Step 5. Set a cap (2 min)
Pick a daily dollar cap that's 1.5x your current daily spend. Implement it in code. If the agent doesn't currently enforce caps, add that as a second action.
One reviewed agent. One action to cut cost. One cap preventing surprise. Next month's surprise averted.
- You have no outcome data: you can't do proper cost-per-outcome. Instrument first (Module 023), then come back.
- Cost seems low but bills are high: look for background jobs, eval suites, or cron'd agents. They're easy to forget.
- The agent retries a lot: that's an engineering bug, not a cost issue. Fix the retry logic first.
Rookie.
Failure 1. No caps
Your agent has no ceiling. A bug, a bad actor, or a runaway conversation burns $10,000 in a weekend.
Fix: hard dollar caps per agent, per day. Enforce in code. Fail closed.
Failure 2. Context bloat in long conversations
A user conversation goes 30 turns. Each turn carries the full history. By turn 30, each call is 15x the token cost of turn 1.
Fix: summarize history every N turns. Drop stale tool results. Conversations should have a context budget.
Failure 3. Silent retries
Your framework retries failed calls automatically. You never see the retries. You just see a bigger bill.
Fix: log every retry. Dashboard the retry rate. If retry rate is > 10%, you have a bug, not a cost problem.
Manager.
Budget per agent, not just per company
Company-level LLM budget is too coarse. One agent going off the rails drains everything. Per-agent caps catch problems before they compound.
Monthly cost review meeting
30 minutes, first Monday. Each agent owner presents: spend, outcome, cost per outcome, one action for the month. Team lead tracks trends.
Cost as owner responsibility
The agent owner owns the cost. Not finance. Not engineering. The owner. They get the dashboard, they get the cap alerts, they get the monthly review. Alignment is automatic when the accountability is clear.
Chief.
Risk 1. Budget surprise
A 40x cost overrun in a quarter hits the P&L at exactly the moment leadership is justifying the AI budget to the board. Worst possible timing.
Governance: caps + alerts + monthly reviews. No agent ships without cost instrumentation.
Risk 2. Vendor lock
Every prompt is written for one model family. Moving to a cheaper alternative is possible but costly. Don't assume today's pricing will hold.
Governance: annual "model migration dry run." Take your top 3 agents. Run them on an alternative provider. Know your options.
Risk 3. Cost-cutting that breaks outcomes
Cheaper model ≠ same outcome. Cost cuts that regress resolution rate are bad trades.
Governance: every cost optimization goes through the eval suite (Module 006) before shipping. Cost wins only count if outcomes hold.
Founder.
Solo founder: the monthly LLM bill is something you glance at on your card statement, until it isn't.
The solo cost stack
- Hard cap per agent. Daily dollar limit in code.
- One dashboard, one page, showing spend per agent this month.
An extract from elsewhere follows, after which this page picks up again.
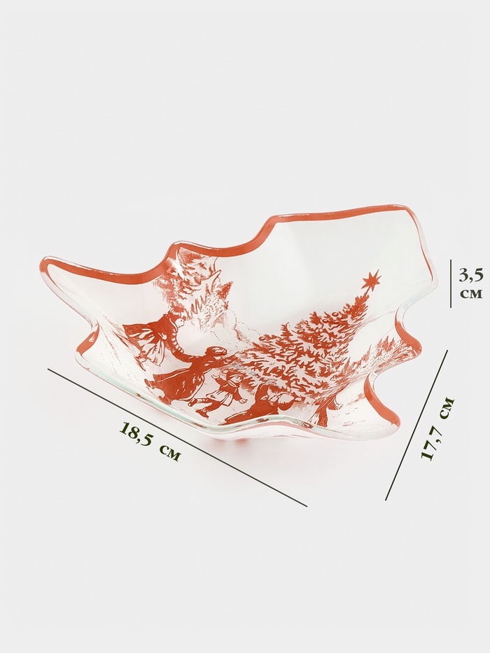 Новогоднее настроение начинается со стола. Фигурное стеклянное блюдо с новогодней тематикой — готовое украшение для праздничного интерьера. Его форма и рельеф передают дух зимнего праздника, не перегр... Показать описаниеужая сервировку. Подходит для подачи конфет, орехов, печенья или фруктов — всего, что обычно появляется на столе в канун Нового года. Особенности: * Тема в деталях: фигурная форма и рельефный узор создают атмосферу праздника. Оно не требует дополнительного декора: стоит на столе и сразу становится его акцентом. * Универсальность в использовании: прозрачное стекло сочетается с любым стилем сервировки — от классической до современной. Плоская форма обеспечивает удобную подачу мелких угощений. * Практичность и уход: можно мыть в посудомоечной машине. * Компактный формат: габариты ( 24х18,5х2,7 см) делают блюдо удобным для небольших столов или подарочных композиций. Подходит как для семейного ужина, так и для новогоднего подарка — в комплекте с домашним вареньем или печеньем. Фигурное стеклянное блюдо с рельефом — практичный акцент, который работает в декабре и остаётся полезным круглый год.

- Weekly 5-minute check-in with that dashboard. Anomalies get handled immediately.
- Monthly cost review prompt, per agent.
The cheap-first instinct
Start every new agent on the cheapest competent model. Upgrade only if the outcome requires it. Most agents don't. The instinct to reach for the flagship model is expensive and usually wrong.
Cost is a dial, not a surprise.
If your bill surprises you, you didn't have cost control, you had hope. Every agent gets a cap. Every month gets a review. The bill becomes boring, which is the goal.